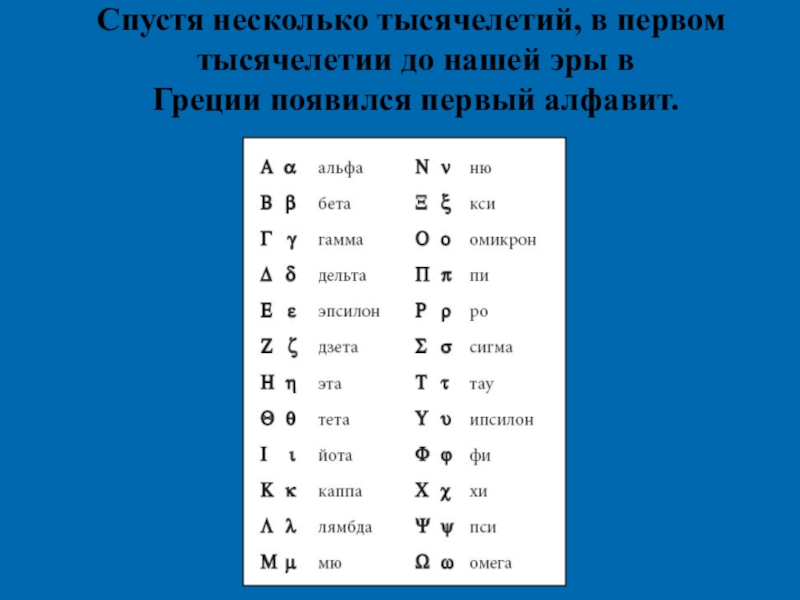 Спустя несколько тысячелетий, в первом тысячелетии до нашей эры в Греции появился первый алфавит.
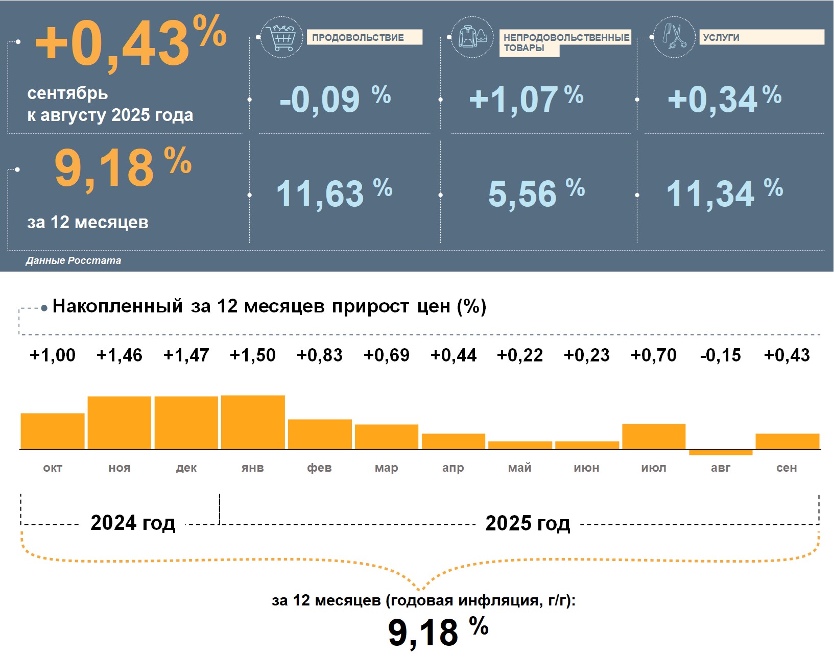 Наиболее заметно в сентябре подорожали непродовольственные товары, но за год рост цен на них был ниже, чем по потребительской корзине в целом. Цены на услуги за месяц росли умеренными темпами, однако, за год они подорожали больше, чем все товары и услуги. Цены на продовольствие, напротив, снизились за сентябрь, а за год они повысились больше, чем на всю потребительскую корзину.
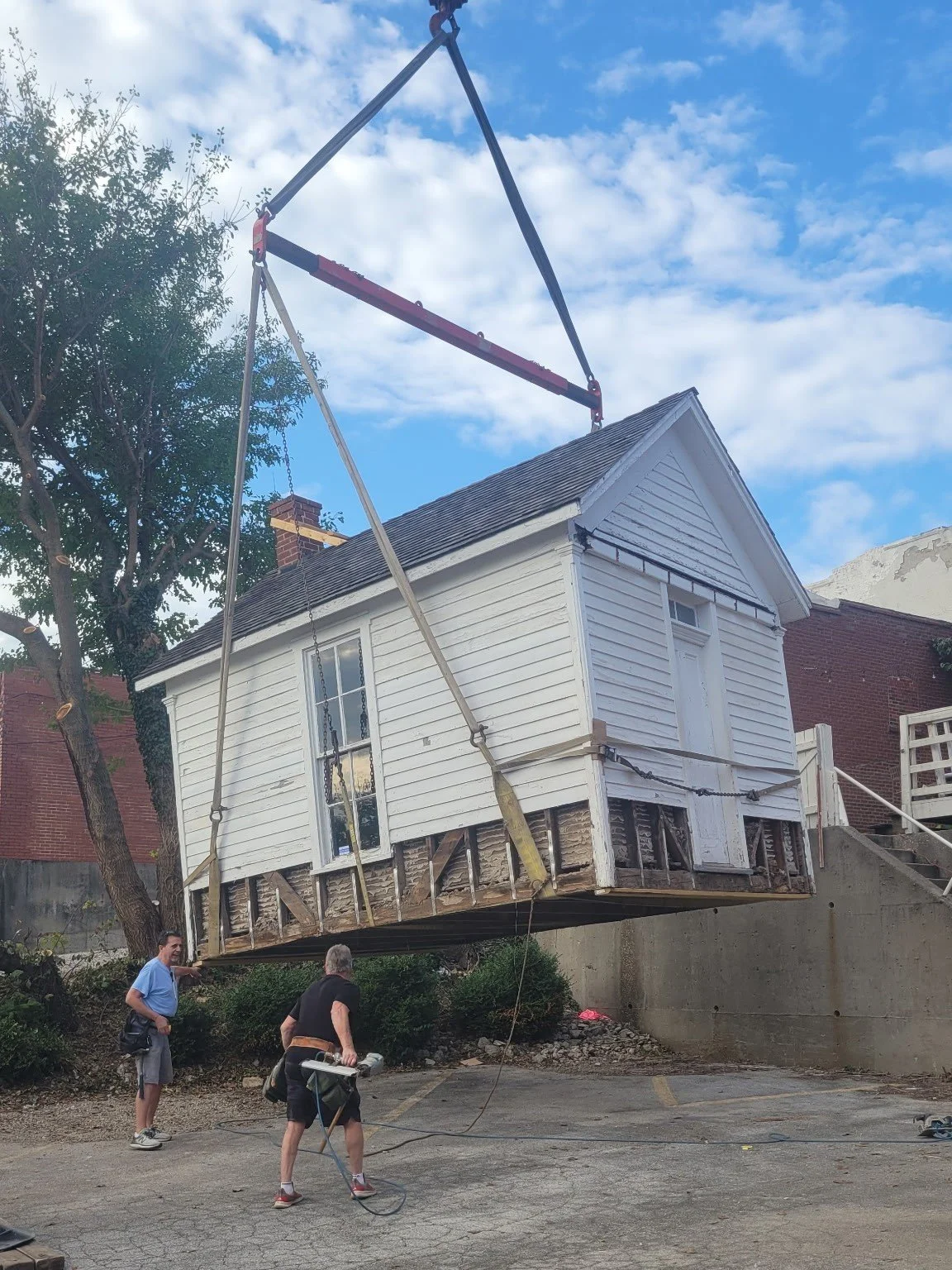 The first step of the process, the foundation work, began in early October. The schoolhouse was lifted off its foundation and placed in the lot behind the 1859 Jail Museum.

■ Problem details
Give back the material above exactly, but without its images.

■ Solution
 Спустя несколько тысячелетий, в первом тысячелетии до нашей эры в Греции появился первый алфавит.
 Наиболее заметно в сентябре подорожали непродовольственные товары, но за год рост цен на них был ниже, чем по потребительской корзине в целом. Цены на услуги за месяц росли умеренными темпами, однако, за год они подорожали больше, чем все товары и услуги. Цены на продовольствие, напротив, снизились за сентябрь, а за год они повысились больше, чем на всю потребительскую корзину.
 The first step of the process, the foundation work, began in early October. The schoolhouse was lifted off its foundation and placed in the lot behind the 1859 Jail Museum.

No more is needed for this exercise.